**Items from a data source:**
_ _ _ _
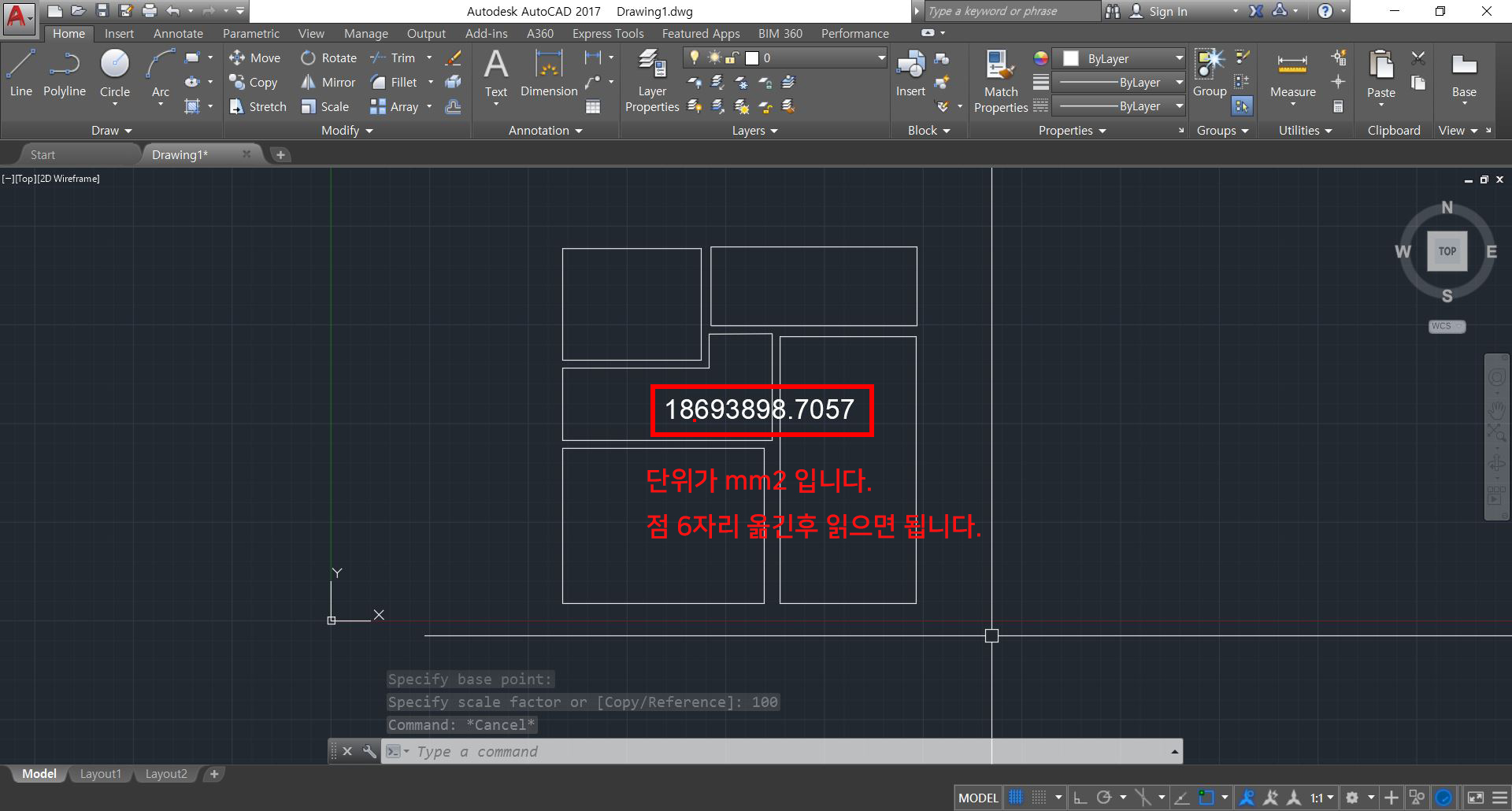 6. 이렇게 면적이 표시가 됩니다. 단위가 헤배가 아니기 때문에 점 여섯자리 옮긴후 읽어주시면 됩니다.
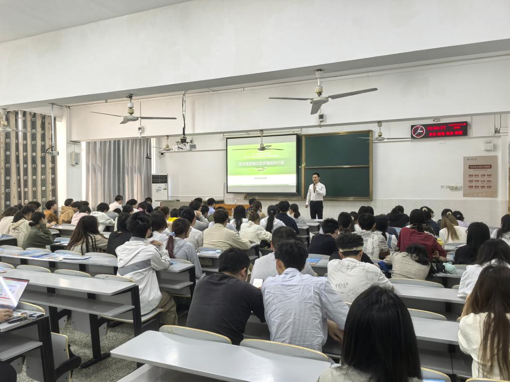 在接下来的板块介绍环节中,正大集团湖北区的代表分别从饲料板块、养殖板块和水产板块三个方面,详细讲解了各板块的核心业务、技术优势以及人才需求。通过生动的案例和具体的岗位介绍,同学们对正大集团的多元化业务有了更全面的了解,同时也对自身的职业发展方向有了更明确的规划。
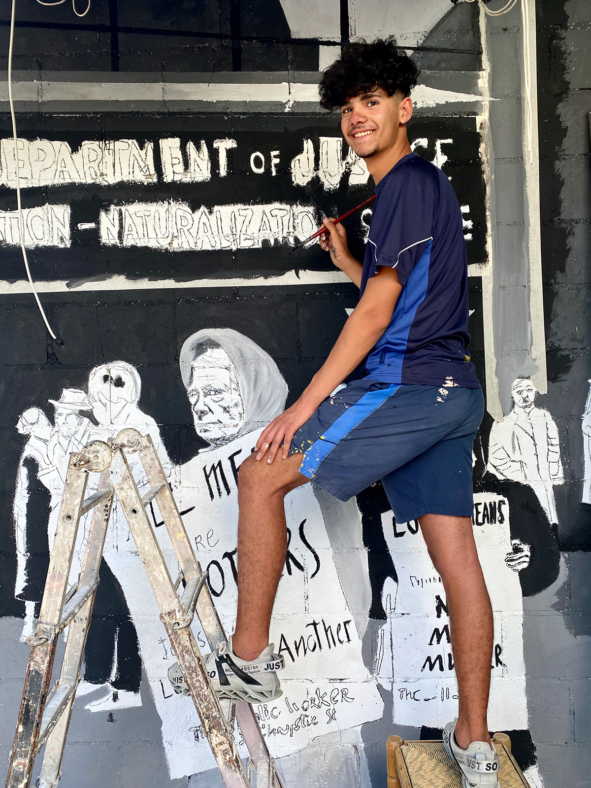 Sabah fue fundamental para el proyecto del mural. Desde el primer día que llegué al sector 4, este joven de origen sirio, que huyó de Alepo durante la guerra de Siria junto a su familia, se convirtió en mi compañero inseparable. Estuvo a mi lado durante las casi tres semanas que dedicamos a pintar la obra en pleno verano.
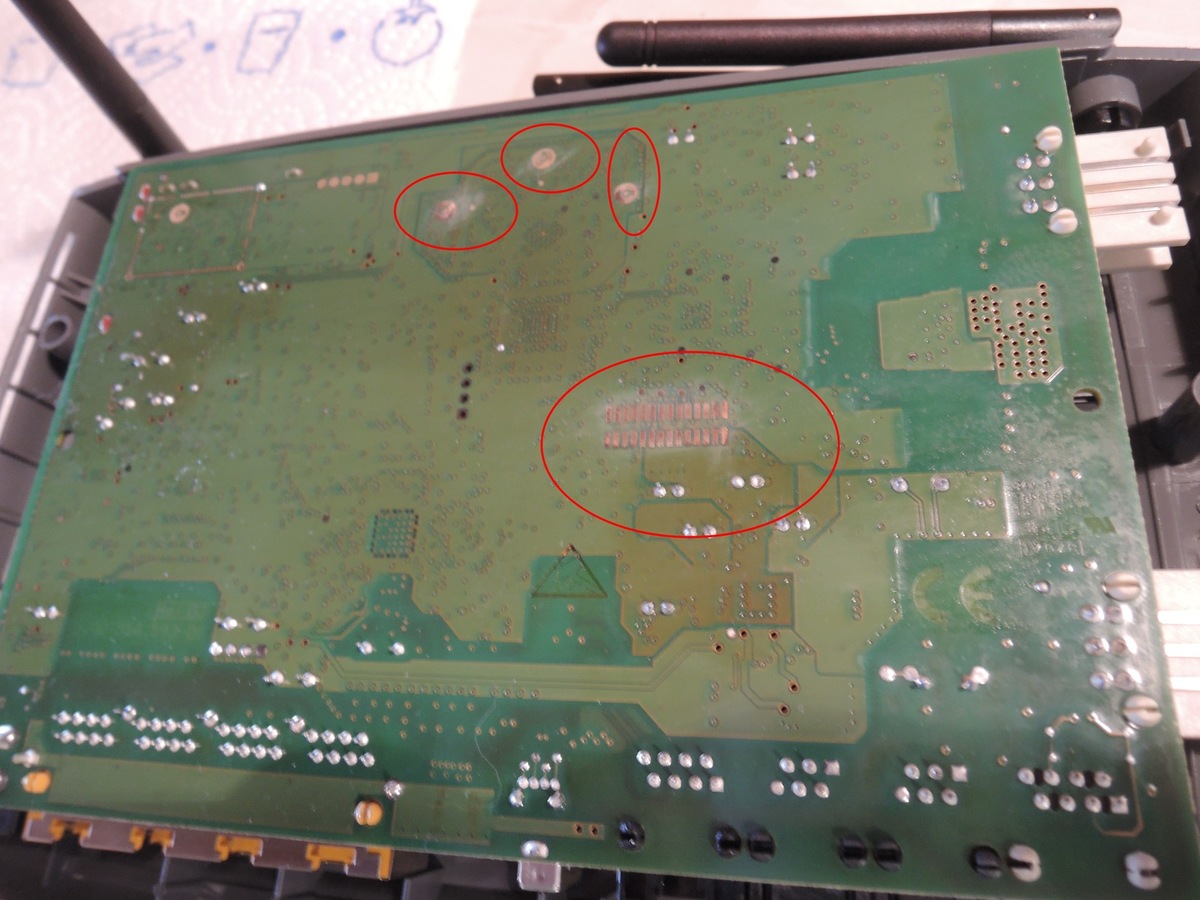 Hallo, vor 3 Jahren wurde mir eine FB 7270 von AVM ausgetauscht, die Ausgetauschte Box habe ich getestet und gleich wieder als Reserve in der Originalschachtel abgestellt. Jetzt dachte ich, ich nehme diese als Repeater und siehe da, als ich sie ansteckte, leuchtet keine LED mehr. Das Netzteil ist in Ordnung, liefert die 12V . Hat da jemand eine Idee? Wird ein Router Defekt beim liegen? Da AVM mir das Gerät nicht mehr tauscht, habe ich es aufgemacht, gemacht habe ich noch nichts daran. Anbei 2 Bilder. Die rot Markierungen sind deshalb da mir vorkommt das da jemand schon daran "gearbeitet" hat Wäre toll wenn mir da jemand weiterhelfen könnte, bin kein Freund von der Wegwerfgesellschaft....:-(
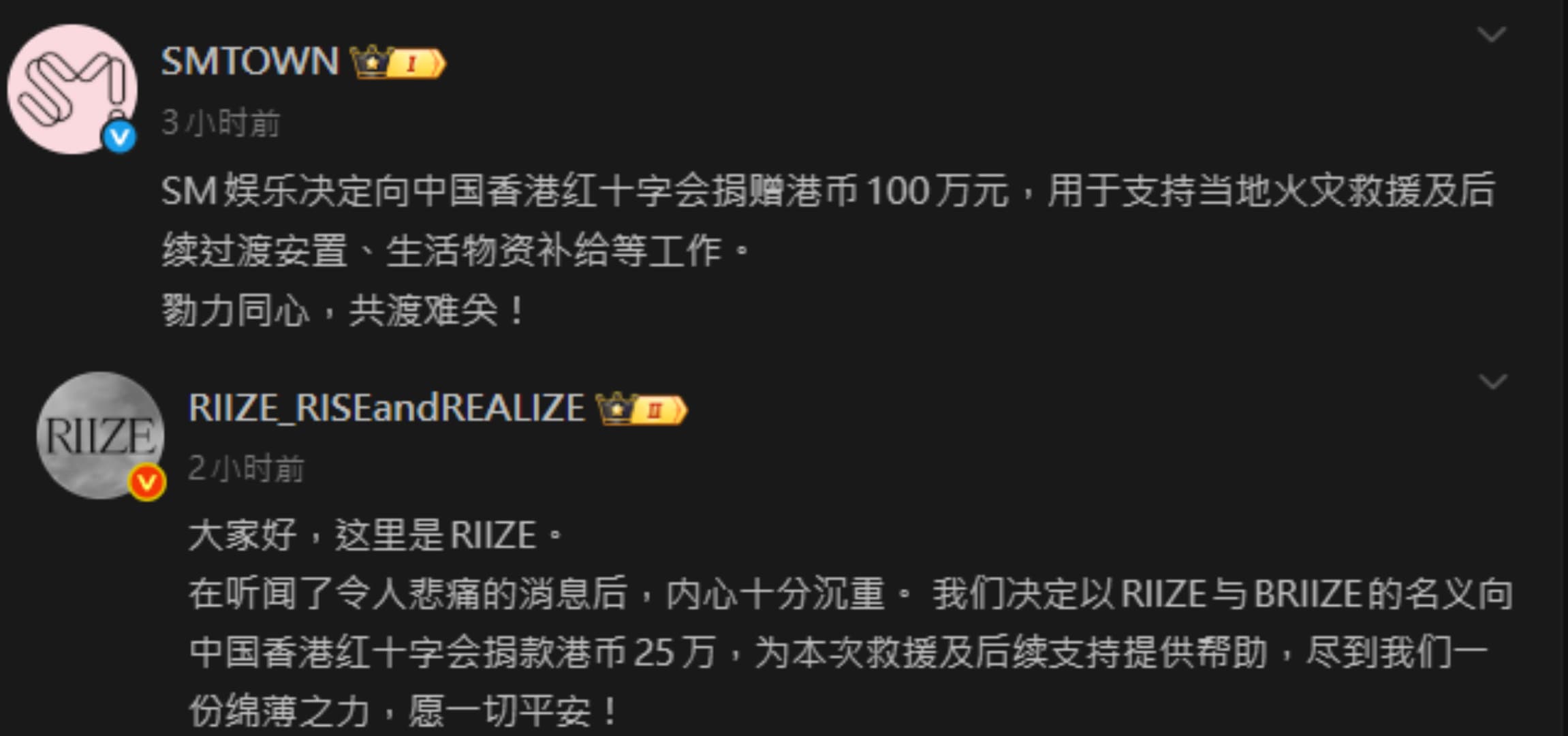 SM 娛樂於 27 日在中國社群平台微博宣布,向香港紅十字會捐出 100 萬港元,旗下男團 RIIZE 也以團體和粉絲名義捐出 25 萬港元。特別是 RIIZE 在聲明中表示:「在聽聞了令人悲痛的消息後,內心十分沉重。 我們決定以 RIIZE 與 BRIIZE 的名義向香港紅十字會捐款港幣 25 萬,為本次救援及後續支持提供幫助,盡到我們一份綿薄之力,願一切平安! 」
_ _ _ _
**Task requirements:**
Give the lines again exactly, beginning with the first line of the records above and ending with the line that contains "Sabah fue fundamental", and include no pictures.

**Reply:**
 6. 이렇게 면적이 표시가 됩니다. 단위가 헤배가 아니기 때문에 점 여섯자리 옮긴후 읽어주시면 됩니다.
 在接下来的板块介绍环节中,正大集团湖北区的代表分别从饲料板块、养殖板块和水产板块三个方面,详细讲解了各板块的核心业务、技术优势以及人才需求。通过生动的案例和具体的岗位介绍,同学们对正大集团的多元化业务有了更全面的了解,同时也对自身的职业发展方向有了更明确的规划。
 Sabah fue fundamental para el proyecto del mural. Desde el primer día que llegué al sector 4, este joven de origen sirio, que huyó de Alepo durante la guerra de Siria junto a su familia, se convirtió en mi compañero inseparable. Estuvo a mi lado durante las casi tres semanas que dedicamos a pintar la obra en pleno verano.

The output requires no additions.